In the Americas, T. cruzi causes more disease than any other parasite; it is estimated that 6 million people are infected. Approximately one-fourth of the infected individuals will develop life-altering cardiomyopathy.1 There could be as many as 1 million infected individuals in the United States,2 where transmission occurs congenitally, via blood transfusion, and even via insect vectors.3

Infection triggers immunity that alters parasite loads, but this immunity neither eradicates the infection nor protects from future infection. And, the immune response is implicated in the pathogenesis of the inflammatory cardiomyopathy.

When treatment is not given and household insect vectors repeatedly induce recurrent infection, the body struggles to keep a tenuous balance between suppressed infection (with, as shown by this study, lower parasite loads and less congenital transmission) and immunity-triggered pathology (such as cardiomyopathy). With urbanization and improved housing, previously infected women develop less cardiomyopathy but are at greater risk of congenital transmission of infection.

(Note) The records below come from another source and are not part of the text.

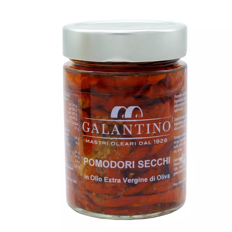 This is a classic Apulian preserve typical of summer. Traditional procedures and particularly careful selection of raw materials make the dried tomatoes in extra virgin olive oil Galantino a specialty to be enjoyed on any occasion.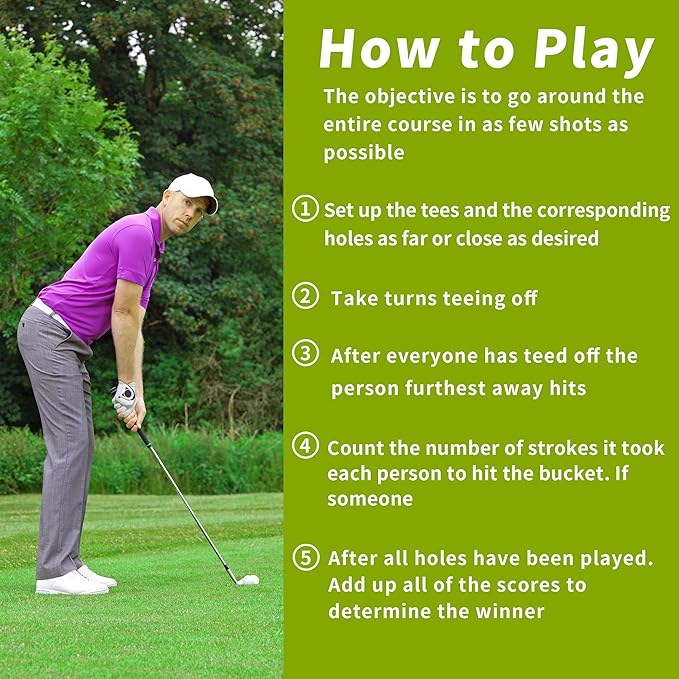 - 【Easy to Install and Store】Our 6-hole backyard golf game set features collapsible buckets and flagsticks that can be installed in just 1-3 minutes. Naturally, it's also particularly easy and quick to store, and very portable, as you only need one bag to store everything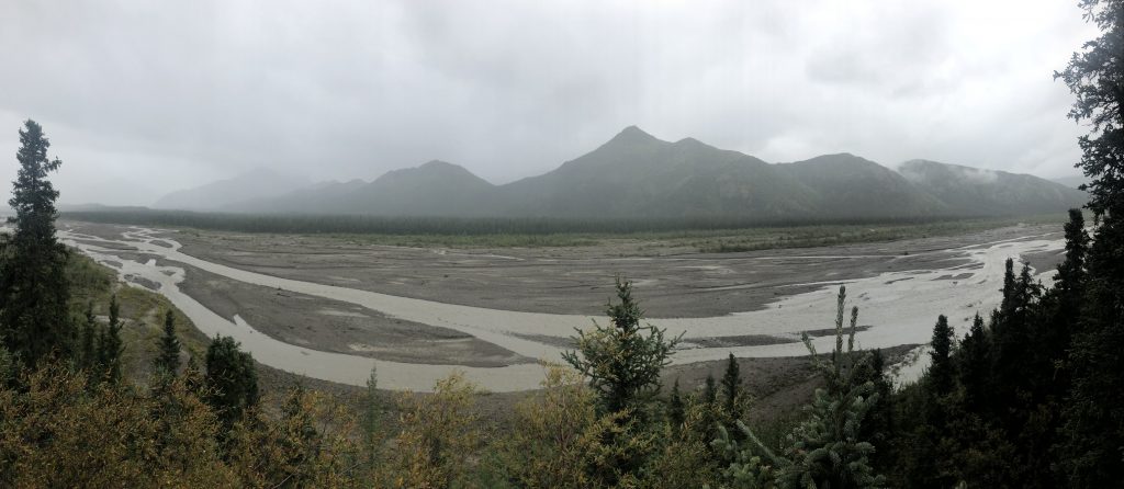 An aside about the weather is in order. On the way down to Denali, it was sprinkling but mostly dry. Paul opted to wear his dry weather gear, accordingly. There was initially some confusion about whether the predicted rain had actually come to Fairbanks, calling into question our snap decision to drive to Denali fairly late into the night at the end of a long day. We later met a woman in the park who had driven down to the park from Fairbanks that morning. She assured us that the skies had opened up last night, and in fact it was still pouring this morning. She said that the drive down in her rented truck was a bit hairy. We hadn’t regretted the decision to come down in any case, but the news certainly prompted a new round of self back-patting.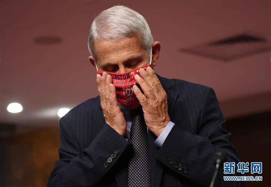 這是6月30日,在美國華盛頓,美國白宮冠狀病毒應(yīng)對工作組重要成員、國家過敏癥和傳染病研究所所長安東尼·福奇出席參議院衛(wèi)生、教育、勞工與養(yǎng)老金委員會(huì)聽證會(huì)。安東尼·福奇于當(dāng)日表示,如果美國目前的新冠疫情形勢得不到扭轉(zhuǎn),全美將有可能每天增加10萬病例。新華社發(fā)(凱文·迪奇攝)

So, what can be done? Clearly, we need a multifaceted approach.

Improvements in housing with resultant decreases in housing-related triatomine bugs will reduce the overall incidence of infection. Development efforts must continue to promote improved housing in areas of Latin America where Chagas disease is endemic. Similarly, improved access to medical care would allow for more timely diagnosis and effective treatment of infected individuals in rural areas.

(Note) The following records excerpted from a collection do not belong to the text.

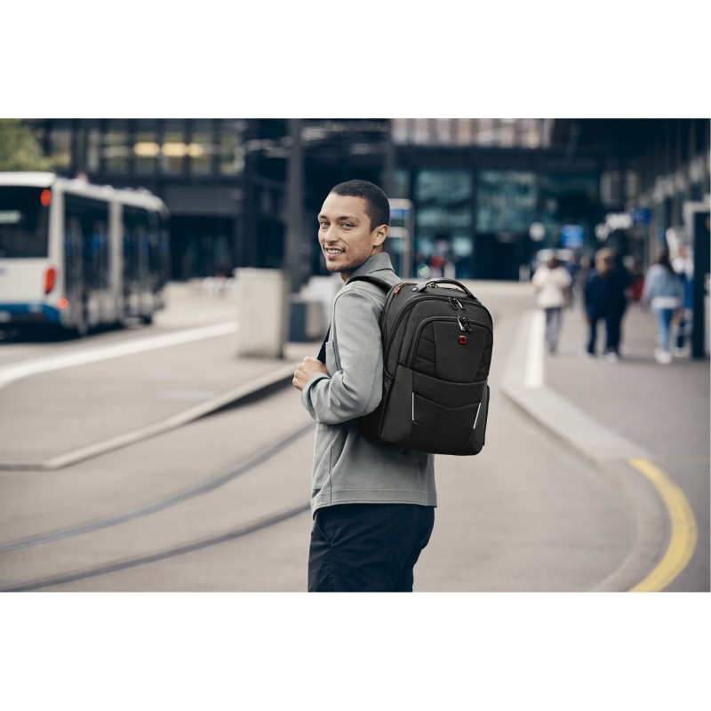 "Wenger/SwissGear Altair. Backpack type: Casual backpack, Product main colour: Black, Style: City. Width: 320 mm, Depth: 210 mm, Height: 440 mm. Material: Polyester, Polyvinyl chloride (PVC), Recycled polyester, Material details: 79% Recycled Polyester, 17% Polyester, 4% PVC, Total amount of recycled materials used for making: 79%"\n"15.6'' Laptop Backpack with Tablet Pocket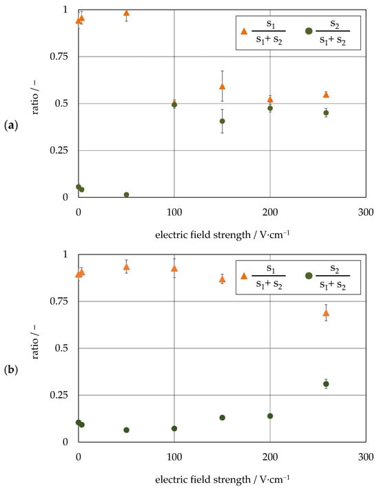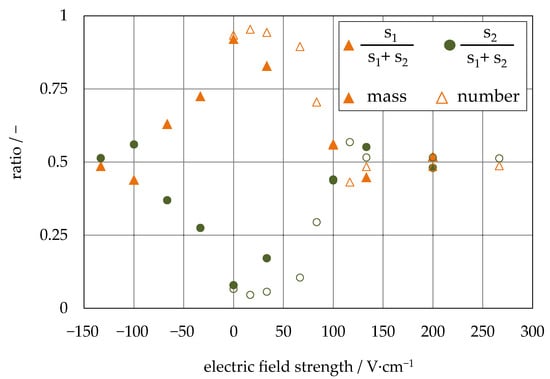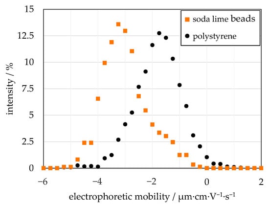 The superimposed homogeneous electrical field, generated by the addition of an external direct current (DC) circuit, results in the deflection of particles by an additional electrophoretic force , which is acting orthogonally to the main flow direction (Figure 2). The direction and magnitude of this force are dependent upon the electrochemical properties of the particles, particularly the electrophoretic mobility (EPM) [,,]. This coefficient represents a material parameter and can be measured using the Dynamic Light Scattering (DLS) method [,,]. Electrophoretic mobility is calculated as the ratio of particle velocity in an electrical field with an electric field strength .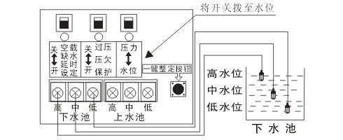 設(shè)置空載保護(hù)后,下水池不能接探頭。上水池的水用到中水位時會開始抽水,抽到高水位會水滿停機(jī),低水位訊號線起回路作用。

Medication can also help, especially when given early after infection (whether the infection was acquired congenitally or from insects). Benznidazole and nifurtimox can eradicate some infection, and benznidazole is associated with relatively fewer side effects. In adult infection, benznidazole can eradicate detectable parasites in 94% of patients.4 However, benznidazole, even while decreasing parasite load, does not seem to reverse or even prevent progression of established Chagas cardiomyopathy.5 Priority should be placed on the treatment of congenitally infected children (since children experience both better cure rates and fewer side effects than adults) and young adults, especially women who risk transmitting the infection to their offspring.6


  1. World Health Organization. Chagas Disease. http://www.who.int/mediacentre/factsheets/fs340/en/. Accessed Sept. 10, 2015.
  2. Hotez PJ, Dumonteil E, Betancourt Cravioto M, et al. An unfolding tragedy of Chagas disease in North America. PLoS Negl Trop Dis 2013;7:e2300.
  3. Garcia MN, Aguilar D, Gorchakov R, et al. Evidence of autochthonous Chagas disease in southeastern Texas. Am J Trop Med Hyg 2015;92:325-330.
  4. Molina I, Gomez i Prat J, Salvador F, et al. Randomized trial of posaconazole and benznidazole for chronic Chagas’ disease. N Engl J Med 2014;370:1899-1908.
  5. Morillo CA, Marin-Neto JA, Avezum A, et al. Randomized trial of benznidazole for chronic Chagas’ cardiomyopathy. N Engl J Med [In press.] 2015. doi 10.1056/NEJMoa1507574.
  6. Maguire JH. Treatment of Chagas’ disease — time is running out. N Engl J Med [In press.] 2015. doi: 10.1056/NEJMe1510170.